- March 15th, 2013
The Williams Syndrome Organization selects StudyTRAX for international registry. Data from their existing registry will be transferred into StudyTRAX and will become the central mechanism through which to capture the experience of affected families and connect with researchers.
- February 11th, 2013
Dr. John Putzke is the guest speaker through the Center for Sleep and Circadian Neurobiology (CSCN) at the 2013 Clinical Research IT Working Group Meetings.
- June 13th, 2013
Myocardia selects StudyTRAX as the platform for the Sarcomeric Human Cardiomyopathies Registry (SHaRe). SHaRe brings together a group of experienced, knowledgeable cardiologists and geneticists from the United States and Europe with a passion for helping people with genetic heart disease. By contributing anonymized (de-identified) clinical and laboratory data from the patients and families under their care, these investigators are making this registry one of the largest and most detailed datasets of its kind in this disease area.
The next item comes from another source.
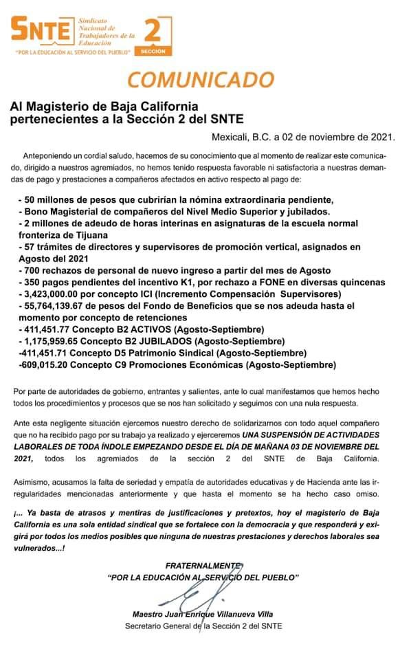 Los miembros de la Sección 2 del Sindicato Nacional de Trabajadores de la Educación (SNTE) en Baja California anuncian paro de labores este próximo miércoles tras la nula respuesta que han recibido por parte de las autoridades del estado sobre la falta de pagos que sufren los agremiados.
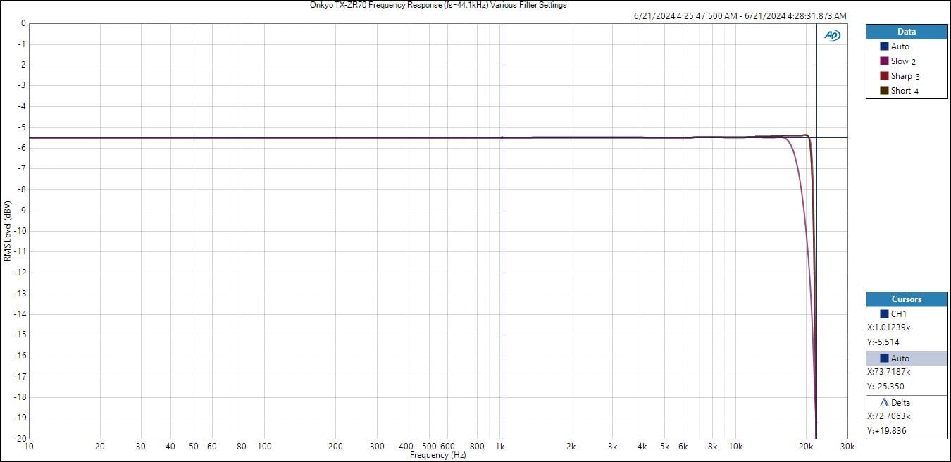 Onkyo TX-RZ70 Frequency Response of Various Filter Settings (Fs= 44.1kHz)

As part of SHaRe, a companion website has been launched to provide patients, families and communities with information about heritable cardiomyopathies, SHaRe centers and investigators, related research activities and other genetic heart disease information.
- September 12th, 2013
Tuberous Sclerosis Alliance decides to transition the Natural History database into StudyTRAX. In 2006, the Tuberous Sclerosis Alliance in partnership with a network of Tuberous sclerosis complex (TSC) Clinics launched the first of its kind project to collect information about this inherited disease, which affects various organs in the human body: brain, heart, kidney, lung, skin, and is associated with developmental disorders such as autism. Updates about a research participant’s condition are entered in the database whenever the TSC Clinic has new information from a follow-up visit, hospitalization, or from diagnostic tests or procedures that have been done.
- November 19th, 2013
Dr. Benton Heyworth selects StudyTRAX as the platform for the Clavicle Fracture Registry. This multi-site initiative, coordinating center at the Boston Children’s Hospital, brings together numerous leading academic medical centers in the pursuit of a better understanding of treatment options for clavicle fracture in a pediatric population.